The Eohm only talked to each other. There had been plenty of spying and attempts at retrieving data after combat. All that had been confirmed was that they did not appear to attempt communication with anyone who was not Eohm and the only documents that had ever been intercepted were related to mining and trading with other home fleets. Their intense xenophobia seemed to even extend to these endevors, so much so they wouldn’t mine a planet with anything beyond microbial life, simply skipping over it in favor of other, untainted worlds.

Carbon nodded at that. “I was afraid they would not move off. This somehow seems worse.”

“They will likely remain here for years, and never be more than a few minutes away.” This severely limited their options. If they wanted to do anything akin to leaving, they’d need to turn on several systems and that would tip the Eohm off to their continued life almost immediately.

Carbon stared into her tray and twirled her fork in the wide noodles idly. “I can manually prime the remaining engine and run diagnostics on it without turning the main reactor on. Once that is done you should be able to jump out well before they realize what’s going on.”

“Nope.” He tapped the back of his head, “my Amp is shot.
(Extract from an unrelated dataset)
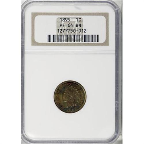 <B>1899 1C PR64 Brown NGC.</B></I> NGC Census: (6/18). PCGS Population (11/8). Mintage: 2,031. Numismedia Wsl. Price for NGC/PCGS coin in PR64: $168. (#2384)<BR><BR><B>Coin Engraver:</B> James B. Longacre<BR><BR><b>Shipping:</b> Coins & Currency (<a target="_blank" href="http://www.heritageauctions.com/common/shipping.php">view shipping information</a>)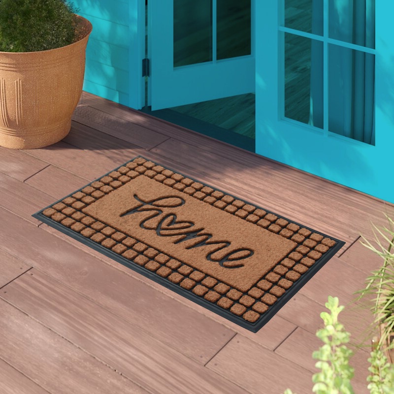 Keeps your floor clean when you decorate your entryway with this contemporary doormat, which includes a sturdy rubber backing to help in keep the rug in place & prevent slips. The attractive design of this rubber Doormat creates a welcoming entrance for your guests & the durable coir material holds up to lots of foot traffic. Recommended for outdoor use in covered areas. Vacuum or shake the mat regularly for longer life.

No Amp, no quick jumps. We’ll have to fire up the AI to run a safe route based on the navigation maps and that will take at least an hour.”
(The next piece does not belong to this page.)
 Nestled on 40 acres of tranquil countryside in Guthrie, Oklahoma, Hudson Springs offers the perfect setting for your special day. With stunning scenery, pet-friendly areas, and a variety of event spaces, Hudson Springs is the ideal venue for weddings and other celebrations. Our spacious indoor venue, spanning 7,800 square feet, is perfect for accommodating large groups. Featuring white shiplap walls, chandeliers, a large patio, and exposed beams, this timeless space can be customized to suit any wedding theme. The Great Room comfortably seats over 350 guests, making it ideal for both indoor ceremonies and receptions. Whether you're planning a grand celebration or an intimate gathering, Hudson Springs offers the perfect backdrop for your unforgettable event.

“Where are they in relation to the local star?”

“Thought of that, too. The star will provide us with cover in about six years, which is five years after we starve to death in the dark.”

Carbon blanched, picked at her food like she did when she was thinking. “Could we shut down several compartments and use the power saved to operate the AI at a fraction of its normal speed so the reactor isn’t necessary?”

He nodded, lost in thought for a moment. “That might work. I’m not sure about the heat dissipation, it will probably want to have the cooling system on no matter what we do, but I will look into it.”

“Good.” She went back to eating, clearly pleased at a possible solution. “How are your legs doing?”

“Better. The damage to the bone is completely repaired and it’s started to regrow the muscle and skin. Should be up and about next week.” Alex poked at the dessert item, a baked pudding he couldn’t pronounce without seeing the name. “As up as zero g allows, anyway.”

“That is good as well. I will need help resealing the drive plate soon. Speaking of that, I have my doubts about how long the single repaired drive will be able to safely propel us.”

“Is it at least twenty four light years?”

She glanced up at him, talking around a mouthful of food. “I was going to suggest under a hundred, just to be safe. That seems like it is very specific.”

“It is. I found a Thackeray’s Globule just a bit over twenty three and a half light years from here. Real dusty, and SAPRAM readings in it fluctuate wildly. It would be impossible for a pursuer to tell where we went in it, and that’s even assuming the Eohm would try to follow once we leave the system. They have been known to track for quite some distance, but even if they do it won’t be any significant number of ships - they won’t leave a mining operation undefended.”

She smiled, perhaps with a touch of pride. “Very nice, Alex. That sounds like it will be perfect.”